- Theatrical release Poster
- Directed by: Declan Mulvey
- Written by: Christopher Curran Declan Mulvey Joe Miale Declan Mulvey
- Produced by: James Sicignano Nitasha Bhambree Declan Mulvey Kasim Saul Anisa Qureshi Taylor Phillips Elizabeth Destro
- Starring: Daz Crawford Andre "Chyna" McCoy Anthony Ray Parker Samantha Alarcon Heidi Marie Paul Green Christian Boeving Dianna Agron
- Cinematography: Chris Lytwyn
- Edited by: Joe Miale
- Music by: Jay A. Skinner
- Production company: United Suns Entertainment
- Distributed by: Lionsgate Home Entertainment
- Release date: March 2007;
- Running time: 91 minutes
- Country: United States
- Language: English

= T.K.O. (film) =

T.K.O. (also known as Urban Assault and Las reglas de la calle) is a 2007 American action thriller film directed by Declan Mulvey and starring Dianna Agron, Samantha Alarcon, Daz Crawford, Paul Green, Heidi Marie Wanser and Christian Boeving.
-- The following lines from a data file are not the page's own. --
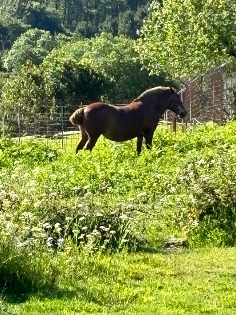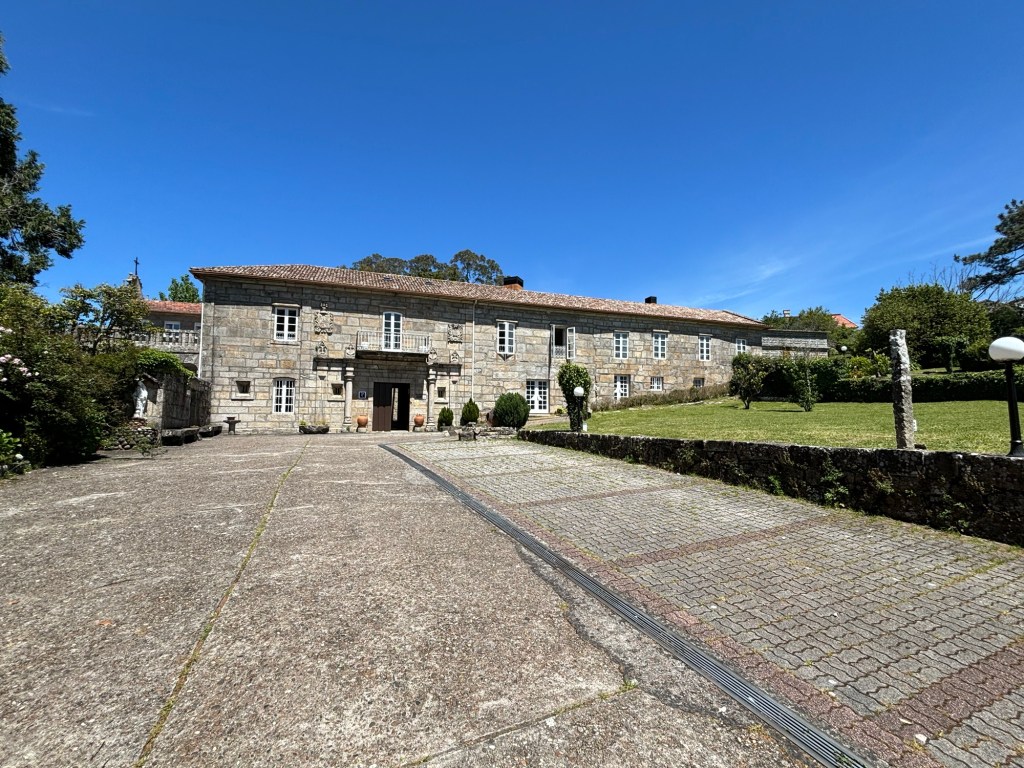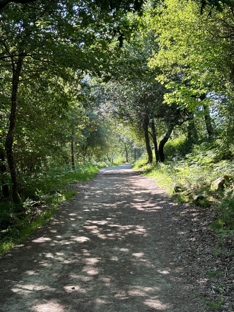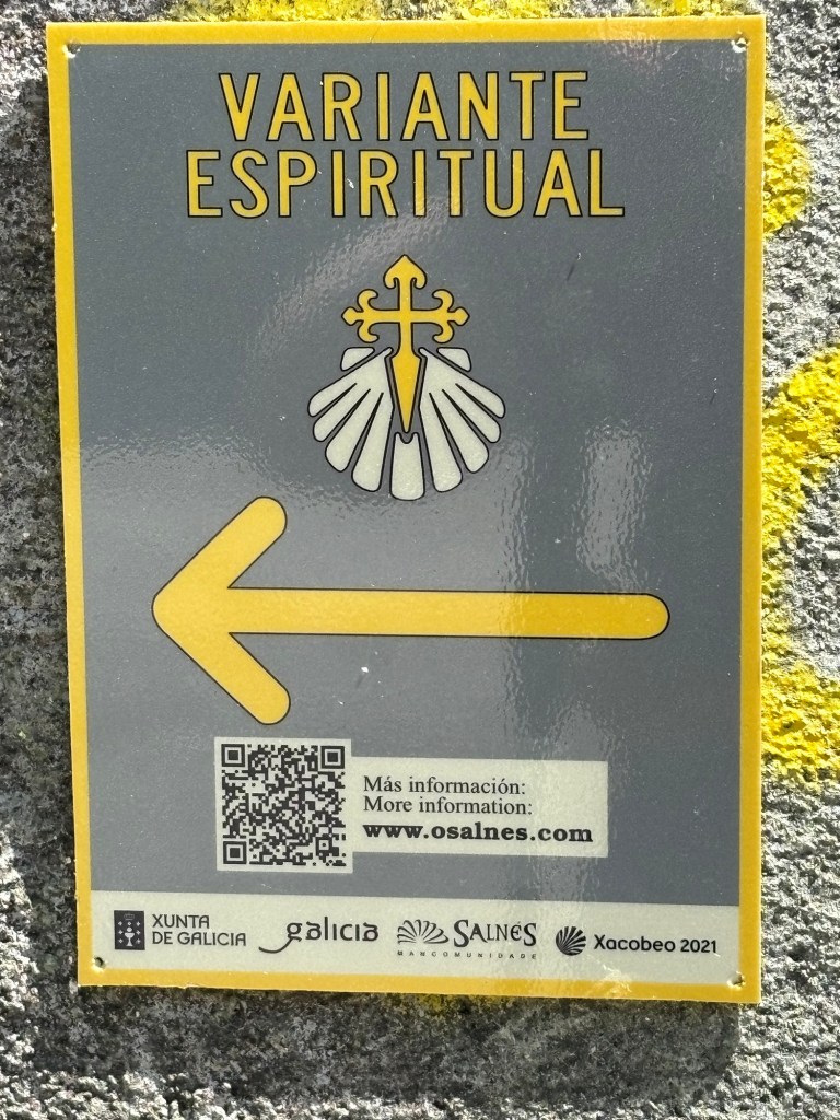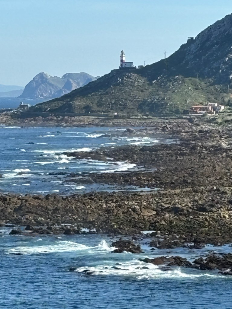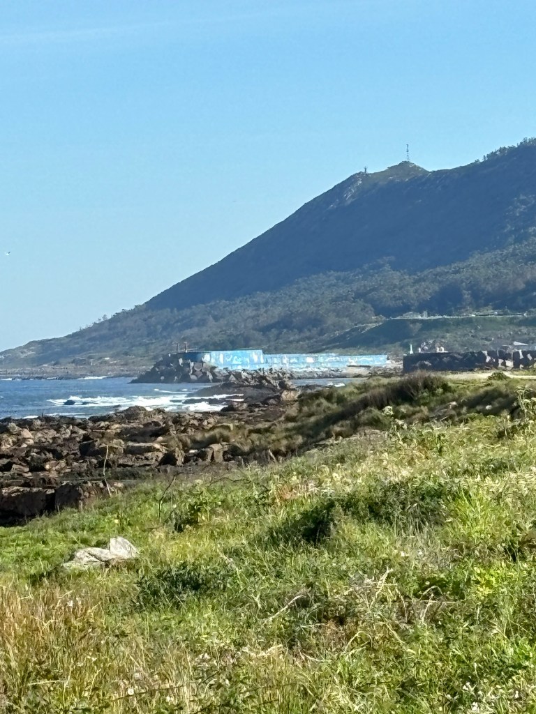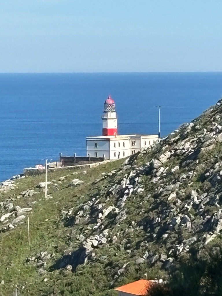 This was right about the time the sun was peeking over the hills to the east of The Way.Interesting roadside Camino art.This coast in southwestern Spain is spectacular.A lighthouse because I know Jan likes lighthouses.The Way today was a mixture of walking/biking paths that hugged the coast and these rough as a cob trails over the hills.It seems like there are a lot of horses in the pastures but we don’t see anyone riding the horses.I stopped in Baiona for lunch. It was noon and they didn’t start serving lunch until 1:00. They invited me to sit at a table outside in the shade and drink beer and enjoy a plate of tapas, which I did. When 1:00 rolled around I had a very nice plate of pasta carbonara.This is my home for the evening, Pazo Pias. It is an old monastery. The common areas and the grounds have a lot of character but the rooms are nothing special.I splurged and got a single room.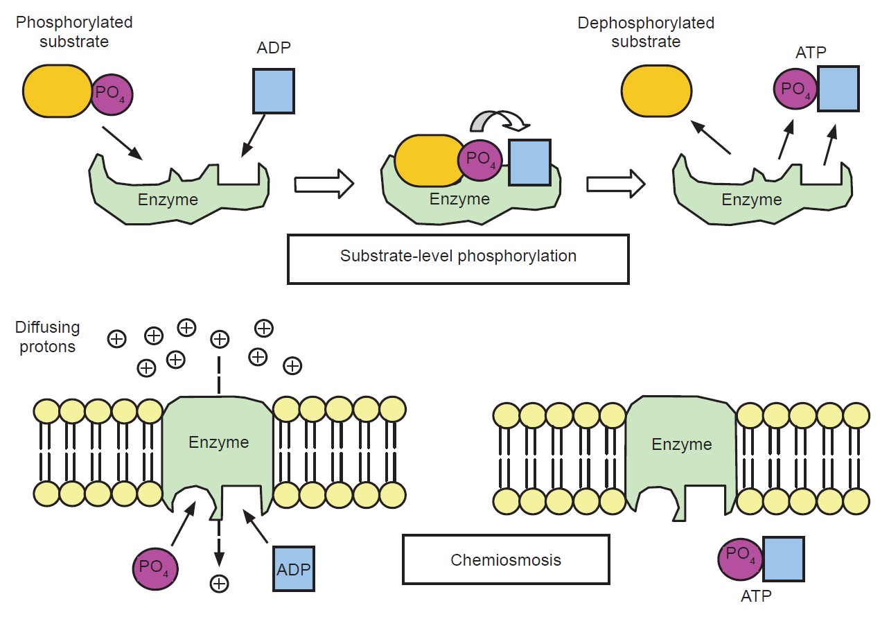 To make ATP, cells must phosphorylate ADP (adenosine diphosphate), and this process requires energy, which the cells derive from food molecules. While the extraction of energy from food molecules may involve multiple, complicated chemical reactions, the phosphorylation of ADP occurs in only two ways: substrate-level phosphorylation and chemiosmosis (see Figure 21-1).
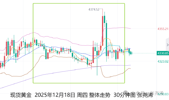 具体走势上,金价自亚市开于4337.99美元/盎司,亚欧盘时段先行维持震荡下移模式,延续至美盘时段,走势频率及幅度开始加大,先是走低22点半时段录得日内低点4308.66美元,之后又迅速反弹,连续回升,于次日0点时段录日内高点4374.14美元,之后又回落收复涨幅,并陷入4322-4340美元区间内持续盘整,最终收于4332.42美元,日振幅65.48美元,收跌5.57美元,跌幅0.13%。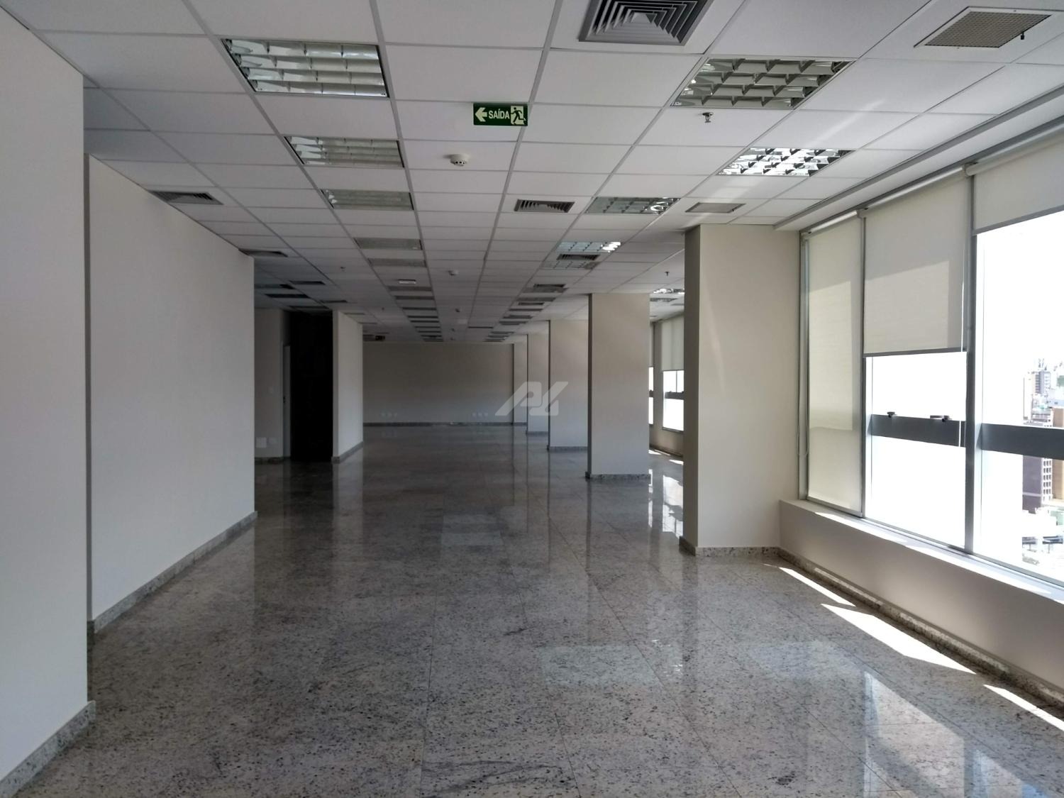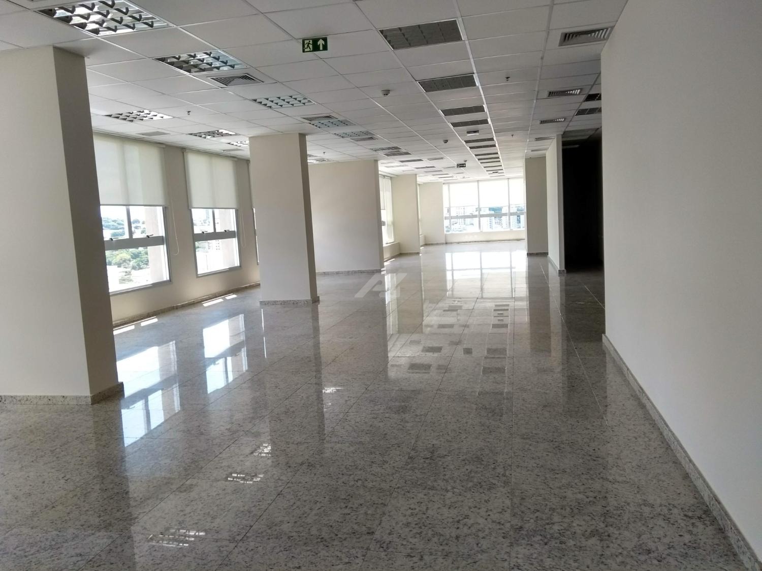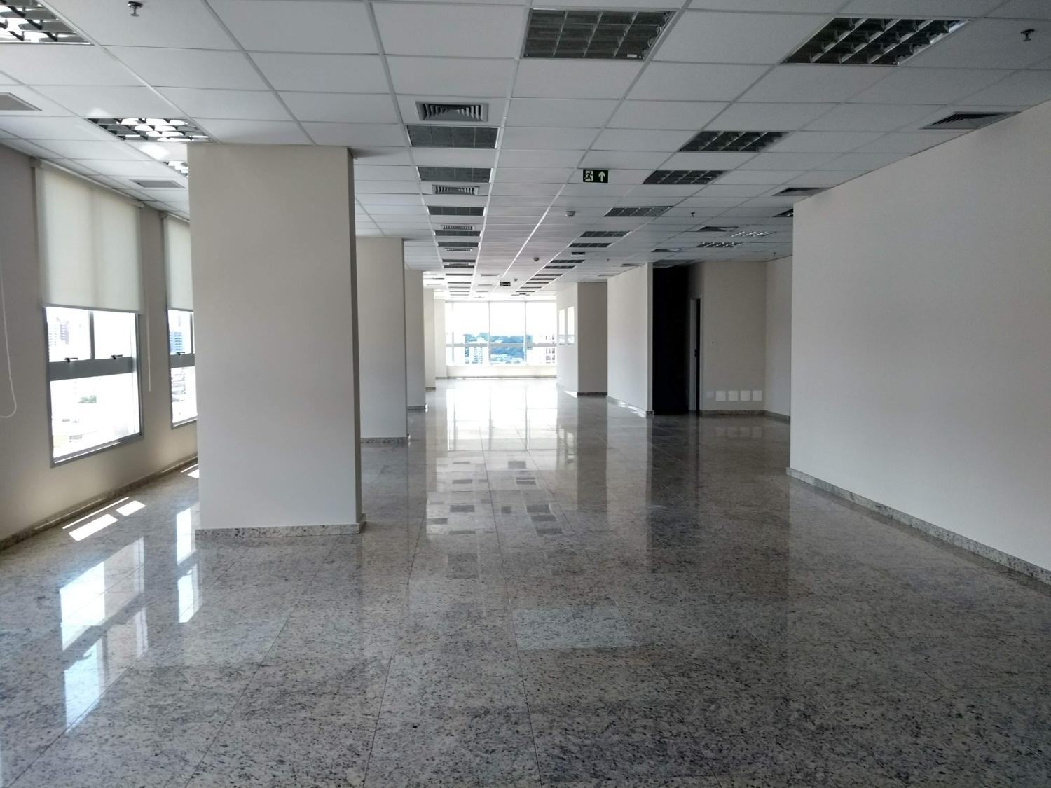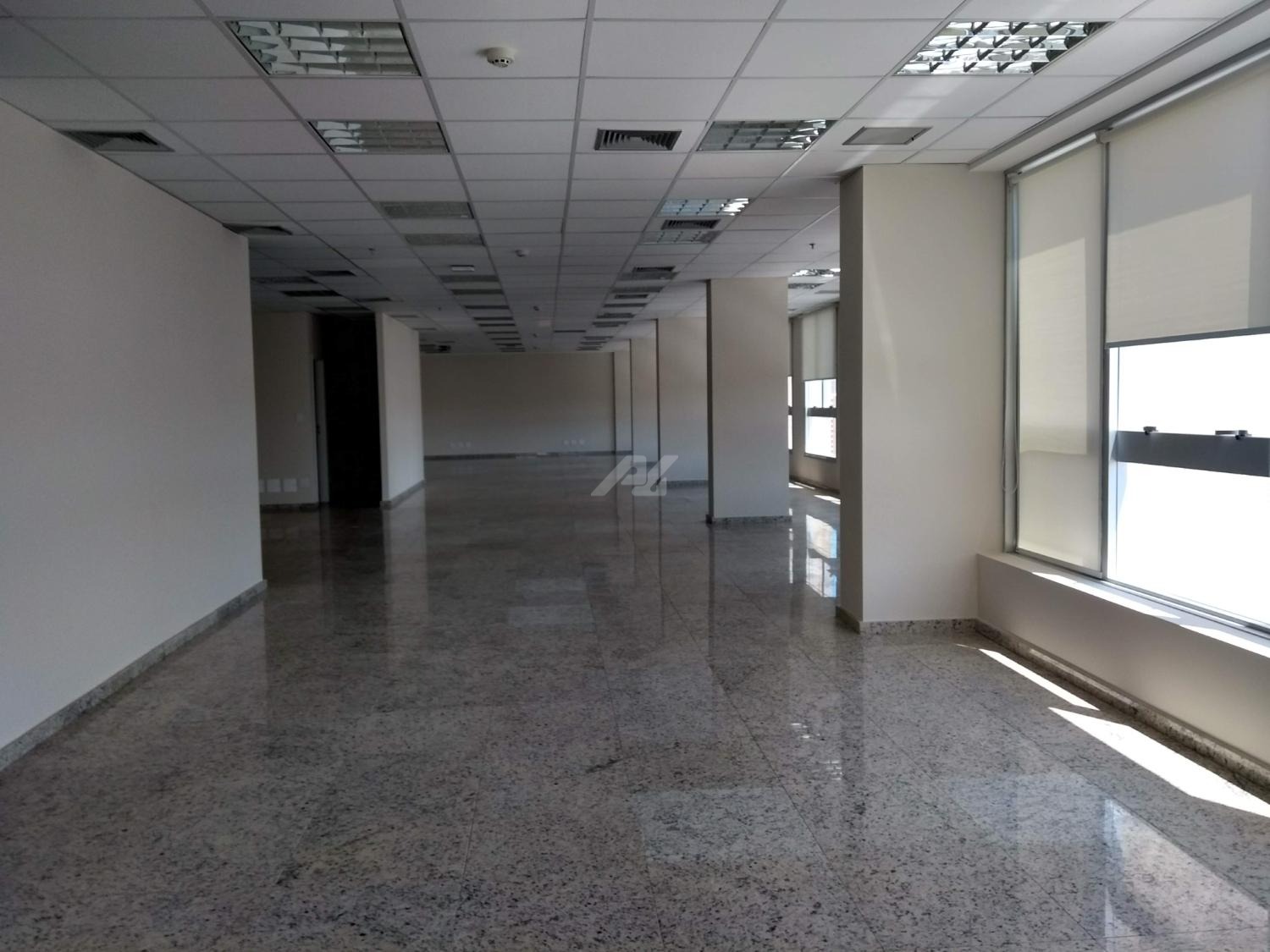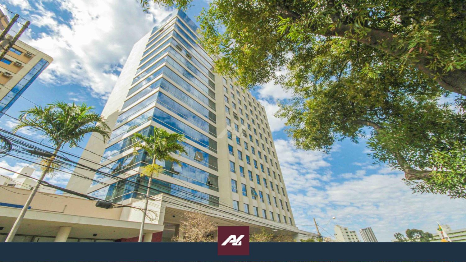 Laje com 8 salas, 9 banheiros, copa e 13 vagas de garagem, piso elevado, ar condicionado, luminárias.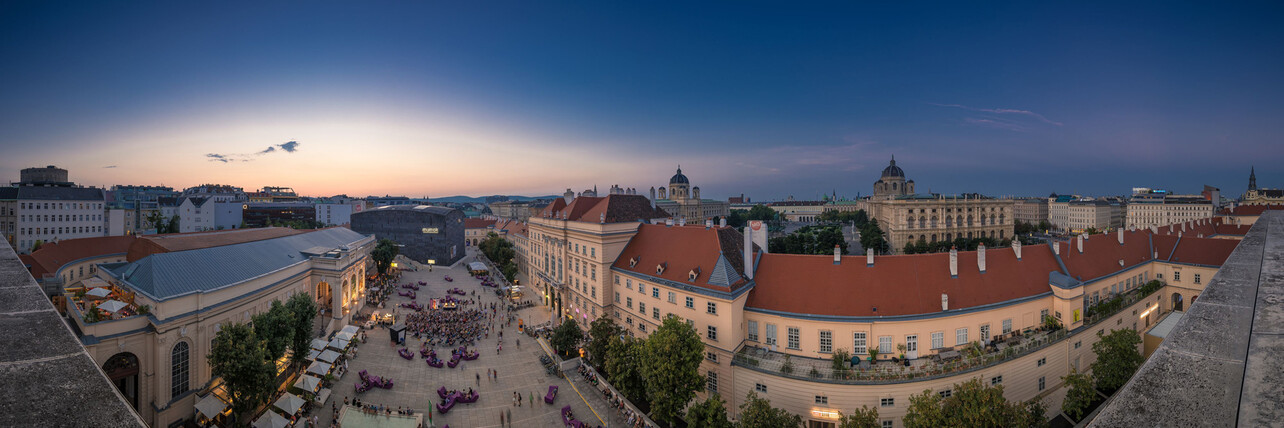 Zum Höhepunkt und Abschluss geht es noch einmal hoch hinaus: Hebt ab in luftige Höhen auf die MQ Libelle am Dach des Leopold Museums. Lasst den Tag mit einem Sundowner in der Hand und grandiosem Blick über ganz Wien ausklingen.
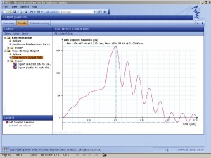 • Results (Figure 6): allows user to plot resistance-displacement curve and time-history curves for all output parameters (left & right support reactions, midspan displacement, velocity and acceleration, mid-span plastic strain, left & right support plastic strain, ductility ratio)

The film was produced by Nitasha Bhambree, Declan Mulvey, James Sicignano, Anisa Qureshi, and Taylor Phillips.

==Premise==
In the city where the image is everything, the criminal underworld holds a fighting tournament where legends are born, and the men who own them rule the streets.

==Cast==

- Dianna Agron as Dyanna
- Samantha Alarcon as Skyler
- Daz Crawford as Mick
- Paul Green as Martin
- Heidi Marie Wanser as Herrera
- Christian Boeving as Rex
- Fernando Chien as Lin
- Jasper Cole as Cyrus
- Joel King as Warren
- Andre McCoy as Zendo
- Anthony Ray Parker as Slim
- Courtney Rice as Swan
- Edwin Villa as Vesto
- Lemar Knight as Mouse
- Vishnu Seesahai as Vicious
- Arron Yohe-Mellor as Jack

==Reception==
=== Audience response ===
The film was received poorly by audiences, with IMDb users rating the film 3.4 out of 10 stars.